Chegada a hora do programa, lá estavam os partidos que tinham ou tinham tido representação parlamentar (os mencionados dois parágrafos acima) e mais o PRD, que era o que interessava. Ouviu-se uma analogia a uma espécie de II Divisão, como no futebol, Lopes Cardoso (UEDS) manda uma cacetada ao PRD e ao envolvimento de Eanes com o partido, metade assumido, e o moderador dá a palavra a Hermínio Martinho…


Este, pega numa folha com uma declaração preparada de antemão, aproveita para dizer que para o seu partido, que se revê na ética do General Eanes, os partidos são todos iguais e que não há partidos de primeira e de segunda, e que, não concordando com aquele modelo do debate, apenas ali fora para o denunciar, pegando nas suas coisas e abandonando o estúdio com passo majestoso. Ficou lá a cadeira vazia, a dominar o resto do debate…

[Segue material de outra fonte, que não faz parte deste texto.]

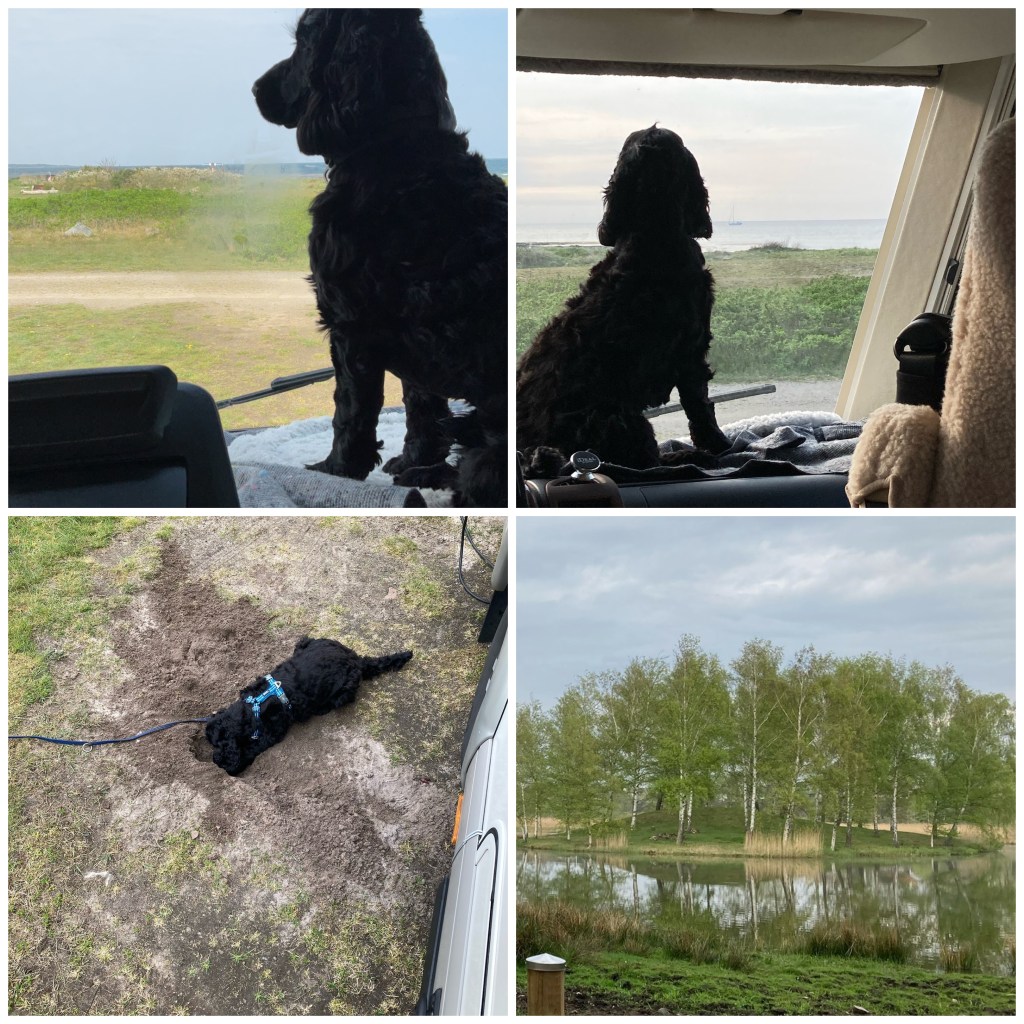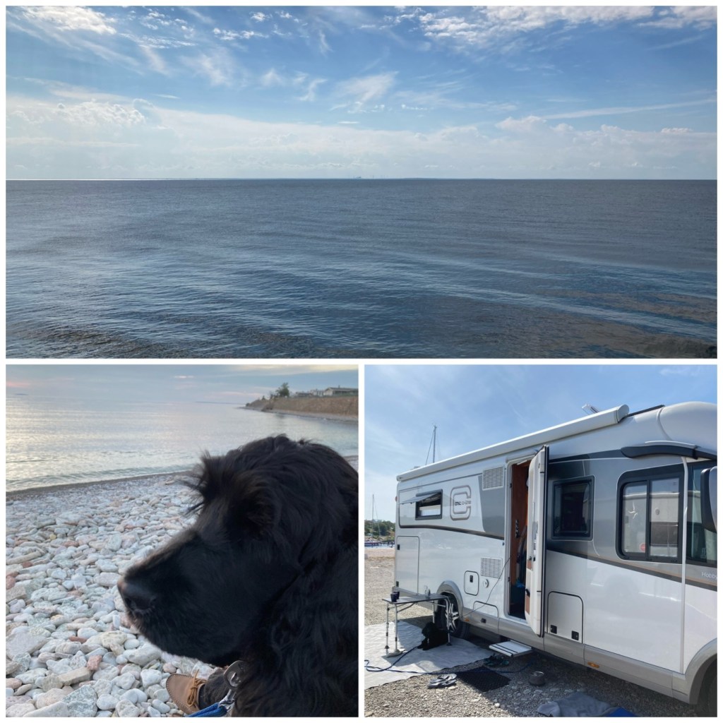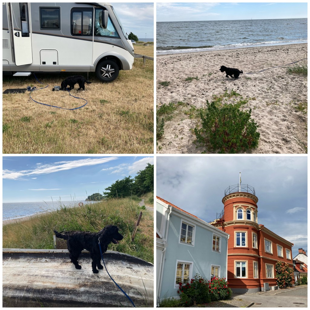Hundarna var inte välkomna någonstans på hela stranden så de fick ta bilarna till andra stranden 15 min bort för bad. Men där var nästan finare! Det blir nog inte First camp i Åhus nån mer gång utan privat stuga med plats för husbilen på tomten.

É simbólico da erudição e da falta de sentido prático de Gonçalo Ribeiro Teles (PPM), que depois deste episódio e obtuso à intenção real do programa, ele ainda se tenha lembrado de dizer, mais para o fim do programa, desenvolvendo a metáfora da II Divisão, que era importante que a RTP passasse a promover debates no modelo Taça de Portugal, entre pequenos e grandes partidos… É evidente que, engolido o fiasco, na Direcção da RTP ninguém mais se lembrou de ressuscitar aquele modelo…

No PS bem se podiam lamentar pelo fracasso da manobra. O PRD obteve 18% dos votos, elegeu 45 deputados para a Assembleia da República e tornou-se no terceiro partido nacional nas eleições seguintes, no Outono de 1985. É impossível estimar quantos votos poderão ter sido adquiridos naquela noite, por causa daquela saída majestosa e inesperada de Hermínio Martinho, mas suspeito que muitos terão sido…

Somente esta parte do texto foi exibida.